If you woke up one morning to find yourself changed in your bed into a monstrous, bug-like vermin, what would be your primary concern?
I just read Franz Kafka's Metamorphosis. If you haven't guessed, it's about this guy that wakes up one morning to discover that he's transmogrified into a giant bug. Although the story is not a feel-good one, I found Gregor's initial reaction to his change kind of funny.
*Beware the spoilers*
His initial reaction and biggest concern is to worry about getting to work on time. Now, I think you should be able to agree with me that this is a completely unreasonable fear. Granted, Gregor may have had a strict, verging on slave-driver, boss, but even evil movie villains consider transmogrification a legitimate reason to stay home from work.
Take Yzma from The Emperor's New Groove, for example. When her goon is turned into a cow and, as a result, asks to go home, she agrees that he may leave, despite being caught in the middle of a chase. She then offers to let his coworkers, who have also been turned into various creatures, follow suit.
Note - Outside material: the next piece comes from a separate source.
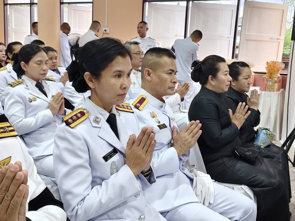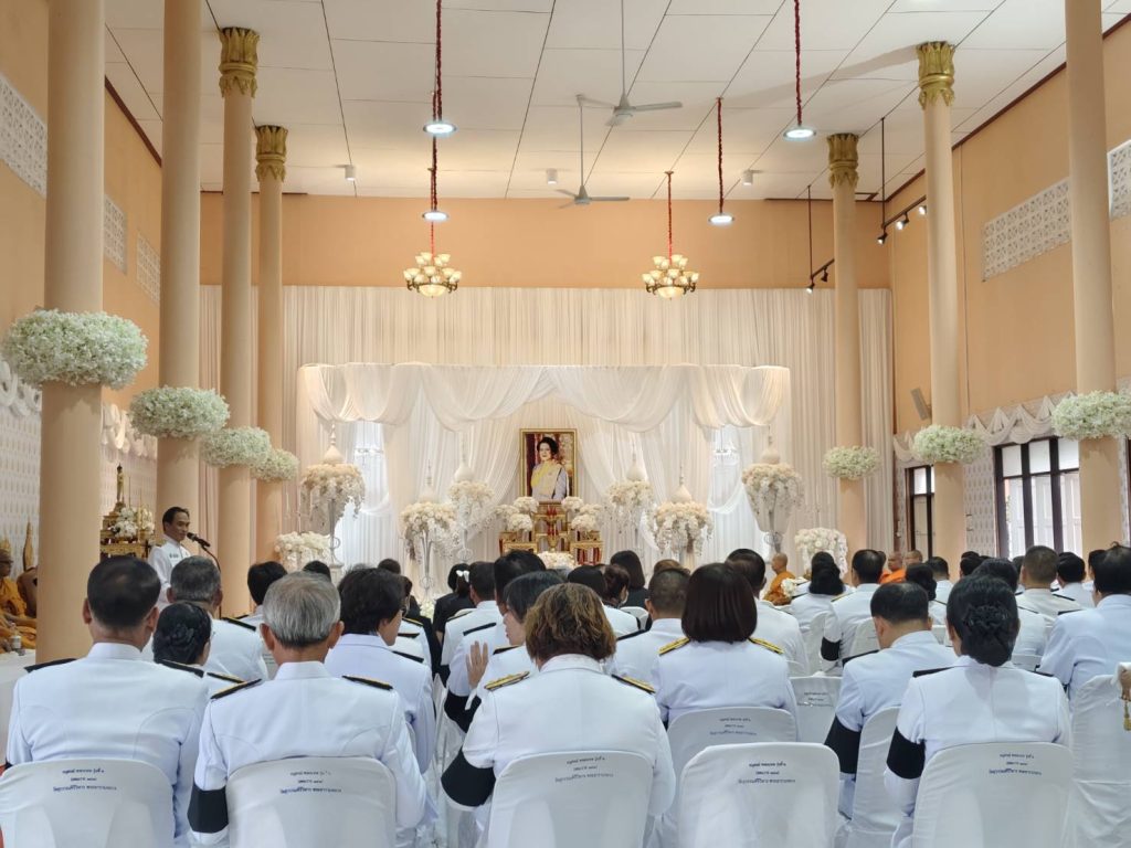 วันนี้ (12 ธ.ค.68) เวลา 17.00 น. พ.ต.อ.เด่นชาย เจริญยุทธ ผกก.ตม.จว.ระนอง มอบหมายให้ ร.ต.อ.หญิง รชยา ขาวผ่อง รอง สว.ตม.จว.ระนอง พร้อมด้วยข้าราชการตำรวจในสังกัด เข้าร่วมพิธีบำเพ็ญกุศล ในวาระครบ 50 วัน (ปัญญาสมวาร) เพื่ออุทิศถวายเป็นพระราชกุศล สมเด็จพระนางเจ้าสิริกิติ์ พระบรมราชินีนาถ พระบรมราชชนนี พันปีหลวง ณ ศาลาการเปรียญ พระวิสุทธิธรรมคณี วัดสุวรรณคีรีวิหาร พระอารามหลวง อ.เมืองระนอง จว.ระนอง

Apparently Gregor Samsa never had the chance to see this movie.
Now, Calvin from Calvin and Hobbes seems intrigued by the idea of turning into a bug (I wonder if he read Kafka's story), and he goes so far as to make "bug" one of the four options on his transmogrifier. In his own words, "Just think! With the push of a button, you could be a 500-storey gastropod - a slug, the size of the Chrysler building!" Hobbes replies, "Gosh, how can I refuse?"
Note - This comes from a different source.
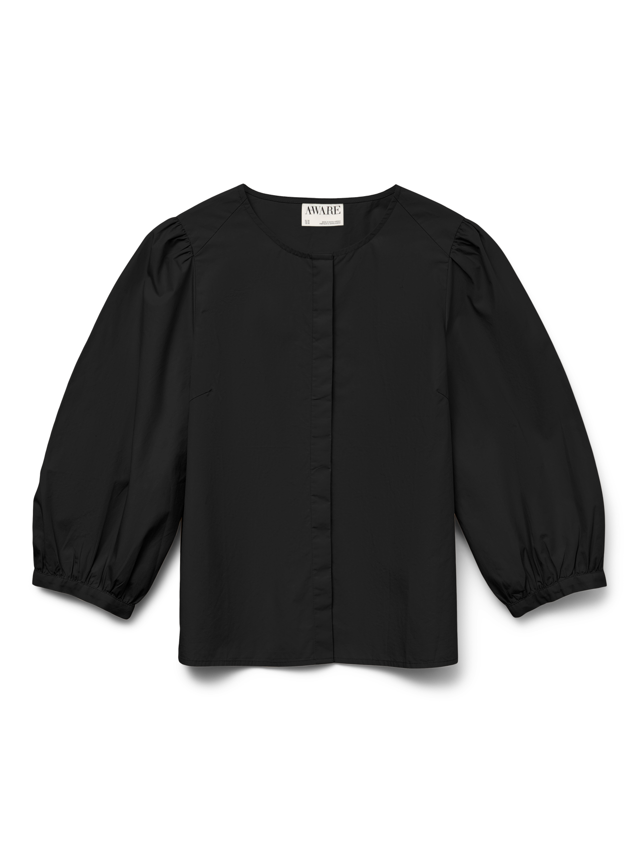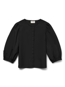 Denne fantastiske skjorten er enkel å style opp og ned, avhengig av anledningen, men vil definitivt gi deg et feminint preg. Gå for baggy jeans og høye hæler når du styler – det vil gi deg en avslappet og elegant look. - Produkttype : Poplin-skjorte - Hals : Resort-krage - Erme : 3/4 ermer - Ermer : Volumermer - Mansjetter : Mansjettknapper - Lukking : Knappelukking - Lengde/størrelse : Kort - Passform : Regular Fit

However, while Calvin does at one point turn his duplicates into worms, he never attempts to turn himself into a bug, opting instead for a tiger. This decision was probably a good choice. As stated before, things don't turn out too well for Gregor. While it initially looks like his sister, at least, will eventually get used to and accept his being a giant vermin, she ends up suggesting to the rest of their family that they "get rid of" him. His father throws fruit at him, which permanently maims him. His mother shrieks and nearly faints every time she sees him. And then Gregor basically says, "hang it all, they're right, this sucks for everyone" and dies.
In real life, I would probably not treat most shape-shifters very well, either. Not because I don't enjoy talking to animals, but because I would be terrified that every animal crossing my path is either a voyeuristic creep or a spy for some organization out to get me. Not everyone has this paranoia. In Space 1999, the other characters always treat Maya like Maya, despite whatever poorly-suited-for-the-situation creature she's decided to turn into. When somebody is trying to kill her and she turns into a caterpillar for the occasion, Tony tries his hardest to save her. But would he have been that generous if there were no foreseeable future wherein the caterpillar turns back into humanoid Maya again?
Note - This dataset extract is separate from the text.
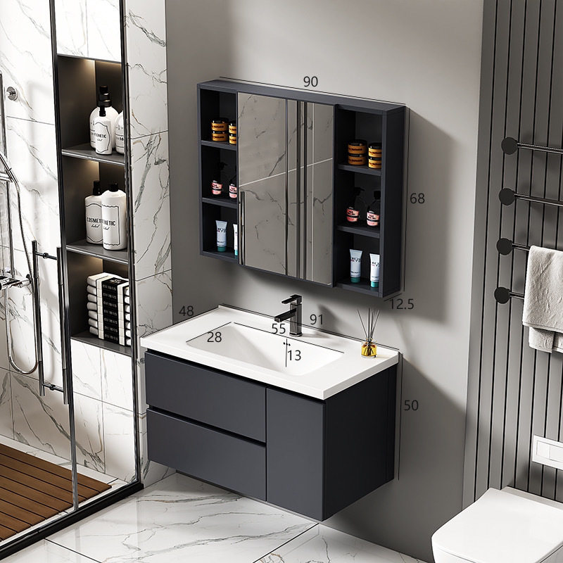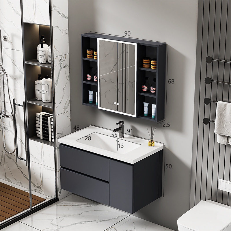 镜柜洗脸盆洗漱卫生间智能实木浴室柜洗手盆陶瓷太空

The Metamorphosis is all about isolation, and what it does to a person. Even though Gregor is still Gregor on the inside, if not on the outside, he becomes more bestial and brutish in his thinking as the story goes on, or at least less civilized and decent. While the literal giant vermin picture makes everything more curious and even oddly funny, it makes you ponder who we treat as non-literal giant vermin, and who else we would treat as vermin with just a change or two in the situation.
It's short, easy to read, and good food for thought.
Possibly my favourite (understated) lines in the book:
"At the moment he was lying on the carpet, and no one knowing his condition could seriously have expected him to let the manager in."
"He was eager to find out what the others [in his family], who were now so anxious to see him, would say at the sight of him. If they were shocked, then Gregor had no further responsibility [to go to work] and could be calm. But if they took everything calmly, then he, too, had no reason to get excited and could, if he hurried, actually be at the station by eight o'clock."